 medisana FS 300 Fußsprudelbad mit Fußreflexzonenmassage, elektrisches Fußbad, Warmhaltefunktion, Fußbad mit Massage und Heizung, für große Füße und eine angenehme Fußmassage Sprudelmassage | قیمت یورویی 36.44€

==

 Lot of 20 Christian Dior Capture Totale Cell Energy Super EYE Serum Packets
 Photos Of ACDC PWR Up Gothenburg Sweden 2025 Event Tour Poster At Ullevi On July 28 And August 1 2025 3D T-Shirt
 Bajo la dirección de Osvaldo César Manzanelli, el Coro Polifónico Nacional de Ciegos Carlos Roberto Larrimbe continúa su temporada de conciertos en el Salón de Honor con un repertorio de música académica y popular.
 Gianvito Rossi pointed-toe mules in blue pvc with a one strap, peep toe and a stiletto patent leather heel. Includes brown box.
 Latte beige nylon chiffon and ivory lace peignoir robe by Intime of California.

--

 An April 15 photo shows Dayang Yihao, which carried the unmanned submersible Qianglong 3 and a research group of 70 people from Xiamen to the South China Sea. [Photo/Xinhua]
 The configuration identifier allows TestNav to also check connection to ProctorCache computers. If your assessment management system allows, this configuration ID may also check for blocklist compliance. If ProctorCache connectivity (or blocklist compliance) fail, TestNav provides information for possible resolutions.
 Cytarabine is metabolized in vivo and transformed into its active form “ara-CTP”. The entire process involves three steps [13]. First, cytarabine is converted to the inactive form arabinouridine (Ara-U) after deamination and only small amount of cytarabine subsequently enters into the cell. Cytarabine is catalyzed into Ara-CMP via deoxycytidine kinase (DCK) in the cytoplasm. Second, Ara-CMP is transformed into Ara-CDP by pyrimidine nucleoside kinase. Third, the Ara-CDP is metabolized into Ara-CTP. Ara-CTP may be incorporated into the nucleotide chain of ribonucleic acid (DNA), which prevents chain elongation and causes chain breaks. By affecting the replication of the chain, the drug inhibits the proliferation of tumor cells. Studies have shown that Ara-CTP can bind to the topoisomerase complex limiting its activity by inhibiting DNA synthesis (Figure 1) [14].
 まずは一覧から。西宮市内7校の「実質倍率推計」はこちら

— What needs to be done —
Beginning at the line above with "Cytarabine is metabolized" and finishing at the line with "まずは一覧から。西宮市内7校の「実質倍率推計」はこちら", return each line exactly and return nothing else.

— Response —
 Cytarabine is metabolized in vivo and transformed into its active form “ara-CTP”. The entire process involves three steps [13]. First, cytarabine is converted to the inactive form arabinouridine (Ara-U) after deamination and only small amount of cytarabine subsequently enters into the cell. Cytarabine is catalyzed into Ara-CMP via deoxycytidine kinase (DCK) in the cytoplasm. Second, Ara-CMP is transformed into Ara-CDP by pyrimidine nucleoside kinase. Third, the Ara-CDP is metabolized into Ara-CTP. Ara-CTP may be incorporated into the nucleotide chain of ribonucleic acid (DNA), which prevents chain elongation and causes chain breaks. By affecting the replication of the chain, the drug inhibits the proliferation of tumor cells. Studies have shown that Ara-CTP can bind to the topoisomerase complex limiting its activity by inhibiting DNA synthesis (Figure 1) [14].
 まずは一覧から。西宮市内7校の「実質倍率推計」はこちら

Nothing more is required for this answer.